(PROVIDED MATERIAL)

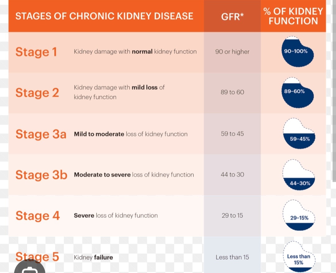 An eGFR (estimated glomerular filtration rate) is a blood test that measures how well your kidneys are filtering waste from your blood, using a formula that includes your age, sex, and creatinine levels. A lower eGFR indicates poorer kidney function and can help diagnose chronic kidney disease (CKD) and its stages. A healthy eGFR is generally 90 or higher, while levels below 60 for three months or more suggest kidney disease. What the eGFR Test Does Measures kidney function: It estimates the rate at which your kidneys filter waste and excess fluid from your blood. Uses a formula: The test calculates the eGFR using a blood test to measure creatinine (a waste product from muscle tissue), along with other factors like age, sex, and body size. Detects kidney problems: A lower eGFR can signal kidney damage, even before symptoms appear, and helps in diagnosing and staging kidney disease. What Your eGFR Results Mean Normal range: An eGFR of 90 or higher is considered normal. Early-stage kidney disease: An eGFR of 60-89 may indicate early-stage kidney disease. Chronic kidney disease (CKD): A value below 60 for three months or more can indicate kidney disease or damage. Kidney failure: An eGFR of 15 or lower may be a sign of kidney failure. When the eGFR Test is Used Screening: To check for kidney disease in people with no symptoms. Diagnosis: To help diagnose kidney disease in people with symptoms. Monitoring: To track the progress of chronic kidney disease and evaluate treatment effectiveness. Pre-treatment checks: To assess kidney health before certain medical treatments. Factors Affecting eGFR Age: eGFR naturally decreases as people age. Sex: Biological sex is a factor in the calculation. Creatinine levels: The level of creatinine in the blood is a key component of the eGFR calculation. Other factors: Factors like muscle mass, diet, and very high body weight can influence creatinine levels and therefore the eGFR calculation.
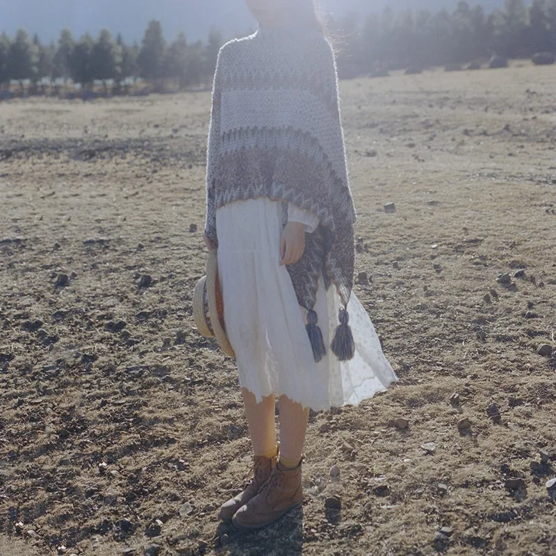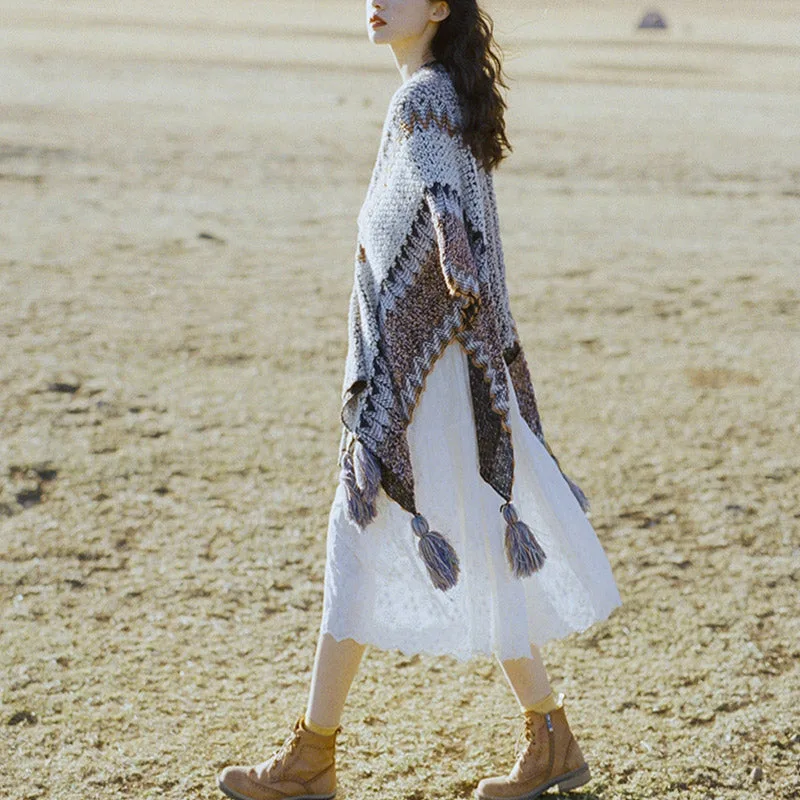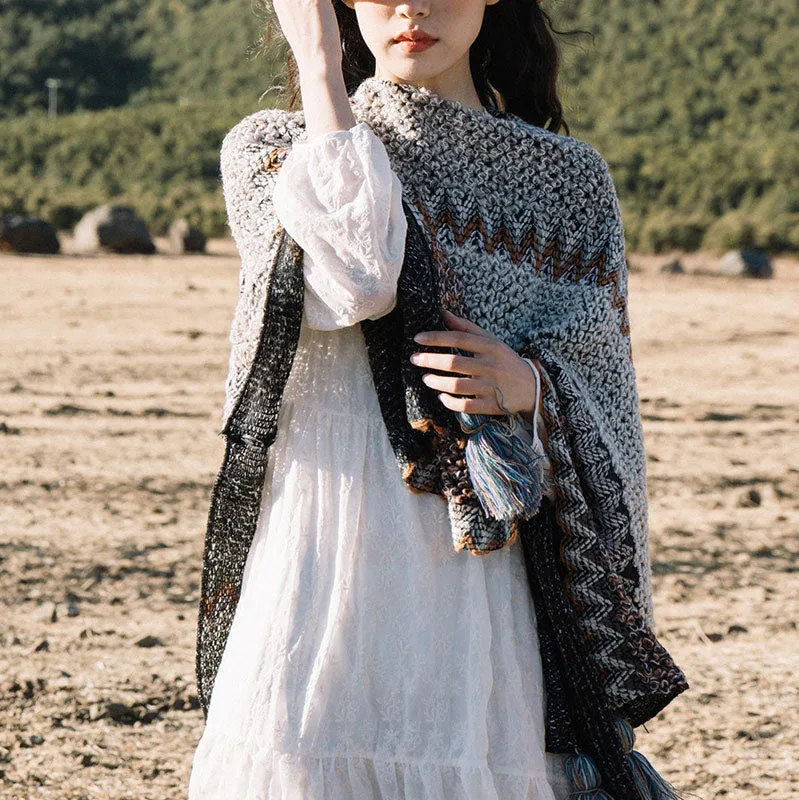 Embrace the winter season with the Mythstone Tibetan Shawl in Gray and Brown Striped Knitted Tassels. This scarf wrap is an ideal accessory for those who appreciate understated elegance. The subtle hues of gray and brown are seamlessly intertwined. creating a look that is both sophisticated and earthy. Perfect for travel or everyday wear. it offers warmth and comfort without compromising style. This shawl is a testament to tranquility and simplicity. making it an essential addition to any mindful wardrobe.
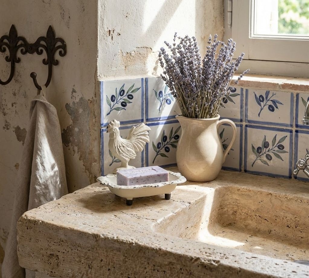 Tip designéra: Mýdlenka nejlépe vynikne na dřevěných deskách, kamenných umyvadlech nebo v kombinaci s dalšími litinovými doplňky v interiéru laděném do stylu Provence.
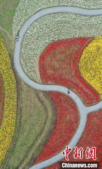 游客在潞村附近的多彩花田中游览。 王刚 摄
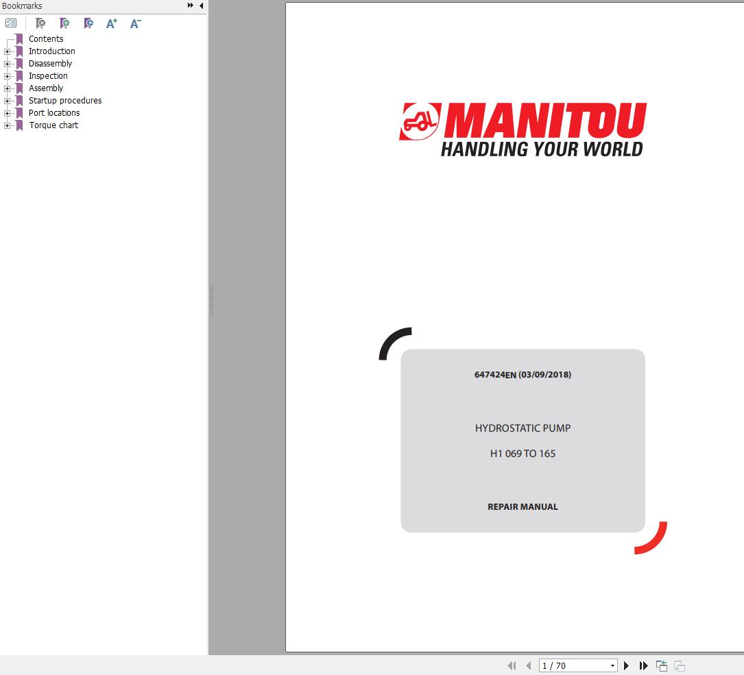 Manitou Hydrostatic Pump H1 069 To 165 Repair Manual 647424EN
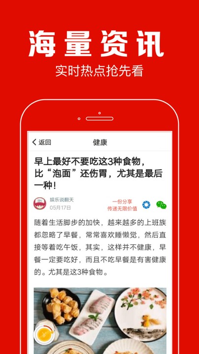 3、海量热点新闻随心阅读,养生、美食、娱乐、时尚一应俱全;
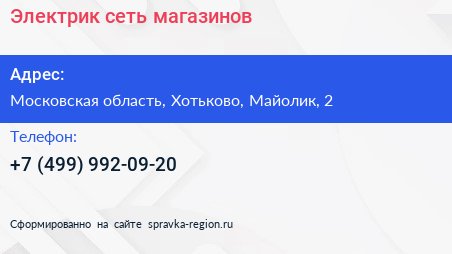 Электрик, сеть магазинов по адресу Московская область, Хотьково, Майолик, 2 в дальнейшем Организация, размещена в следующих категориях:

(End PROVIDED MATERIAL)

* WHAT YOU ARE ASKED TO DO *
Your task is to print exactly the lines from the one containing "游客在潞村附近的多彩花田中游览。 王刚 摄" through the final line of the records above, with no pictures and nothing more.

* OUTPUT OF THE TASK *
 游客在潞村附近的多彩花田中游览。 王刚 摄
 Manitou Hydrostatic Pump H1 069 To 165 Repair Manual 647424EN
 3、海量热点新闻随心阅读,养生、美食、娱乐、时尚一应俱全;
 Электрик, сеть магазинов по адресу Московская область, Хотьково, Майолик, 2 в дальнейшем Организация, размещена в следующих категориях:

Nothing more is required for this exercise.